This Week in Engineering explores the latest in Engineering from academia, government and industry.
Episode Summary:
Two significant developments in fusion technology were announced this week. At the Lawrence Livermore Laboratory in the US, the National Ignition Facility announced that their laser compression device achieved greater than 1 MJ fusion energy output, six times higher than the team’s previous best and a strong indicator that the technology can be scaled to make practical levels of power. A much older fusion technology, the stellarator, is enjoying a new lease on life with recently published experiments from the Max Planck Institute in Germany which show dramatically higher efficiencies, consistent with conventional tokamak devices.

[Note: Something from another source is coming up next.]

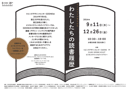 20周年を迎えるリビングデザインセンターOZONEの特別企画のひとつ「わたしたちの読書履歴」展に、設計事務所アーキプレイス/石井正博のお勧め書籍もメッセージ入りで展示されています。

Nuclear propulsion for commercial cargo ships has been expected since the birth of naval nuclear propulsion in the mid-1950s, but with the exception of the experimental NS Savannah, no cargo ship has been powered by atomic energy. With the increased urgency of CO2 reduction however, the technology is under assessment again and shows promise both for environmental reasons and because of higher oil prices. Earth 300 Ventures, a Singapore-based environmental group, plans to launch a large research vessel in 2025 which is designed to accept an advanced reactor, possibly a molten salt design, some 5 to 10 years later. In the meantime, the UK is revamping Maritime regulations to be ready for commercial atomic vessel traffic.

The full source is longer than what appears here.